Workers removed a field of crosses at Berlin's former Checkpoint Charlie yesterday after a privately run museum lost its court battle over the memorial to those killed at the East German border during the Cold War.
Workers in blue overalls and yellow raincoats began unscrewing the 1,067 crosses after covering the plaques with the victims' names and carrying them away, and tore down part of the wall around the memorial.
"No, no, you have to listen to me," said museum director Alexandra Hildebrandt, imploring the court bailiff without effect as the workers arrived at the site and began work.
PHOTO: AFP
Several hundred protesters gathered at the former crossing point between East and West Berlin, jeering and whistling derisively in the rain.
"Remember, Don't Forget" read one sign. Several people shouted, "Betrayers of the fatherland!"
Four men briefly chained themselves to crosses but unchained themselves after police spoke to them.
"We unchained ourselves voluntarily because this is not supposed to escalate, but we feel a lot of anger," said one of them, Juergen Breitbarth.
The museum had been given until yesterday to raise US$43 million to purchase the land where it erected the memorial last October but failed to reach that goal.
The museum had been leasing the land from the Hamm-based BAG bank but its agreement expired at the end of last year, and a court ordered the memorial removed.

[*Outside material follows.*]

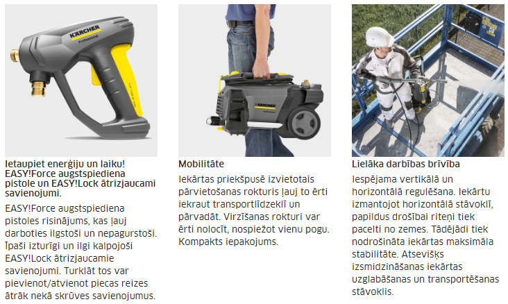 Kompakta, viegla un daudzpusīga aukstā ūdens augstspiediena tīrīšanas iekārta HD 5/15 C Plus, kura pārsteidz ar lielisku mobilitāti, un ko var izmantot kā vertikālā, tā horizontālā stāvoklī. Šai iekārtai ir piederumu novietne, un pateicoties tās misiņa cilindra blokam un automātiskajai spiediena samazināšanas sistēmai, tai nodrošina ilgu kalpošanas laiku. Turklāt iekārta pārsteidz ar dažādiem inovatīviem risinājumiem, kuri uzlabo darbu veikšanas komfortu, kā arī ļauj iekārtu ātrāk sagatavot darbam un tai esot darbībā nomainīt dažādus piederumus. EASY!Force augstspiediena pistole efektīvi absorbē augstspiediena strūklas atsitiena spēku, un nodrošina ērtu tās mēlītes lietošanu, savukārt EASY!Lock ātrizjaucamie savienojumi ļauj pievienot un atvienot piederumus piecas reizes ātrāk par parastajiem skrūvju savienojumiem, turklāt tie ir tikpat izturīgi un ilgkalpojoši. Šāda visaptveroša aprīkojuma pakete ļauj panākt nevainojamu tīrīšanas rezultātu, nenogurdinot iekārtas operatoru.

The memorial consists of a rebuilt section of the Berlin Wall and heavy wooden crosses representing the museum's tally of the people killed at the East German border from 1961 to 1989.
People who fled communist East Germany risked being shot dead by the country's border guards.
The adjacent Checkpoint Charlie museum -- Berlin's second busiest with 700,000 visitors last year -- is not in any jeopardy.
Named "Charlie" from the phonetic alphabet -- checkpoints "Alpha" and "Bravo" were elsewhere in Berlin -- the checkpoint was established by the US Army in 1961 after East Germany closed its border.
It was the main crossing where foreign tourists, diplomats and military personnel used to enter and leave the Soviet sector of the divided city, with multi-lingual signs warning in large black letters: "You are leaving the American sector."
The land today is in a high-rent downtown district, but because of the historical significance of the site, Hildebrandt has ruled out the option of erecting the memorial on cheaper land elsewhere.
Hildebrandt said she would put the crosses in storage and continue her efforts to buy the land.
"The crosses will have to await their time until they can be put back," she said.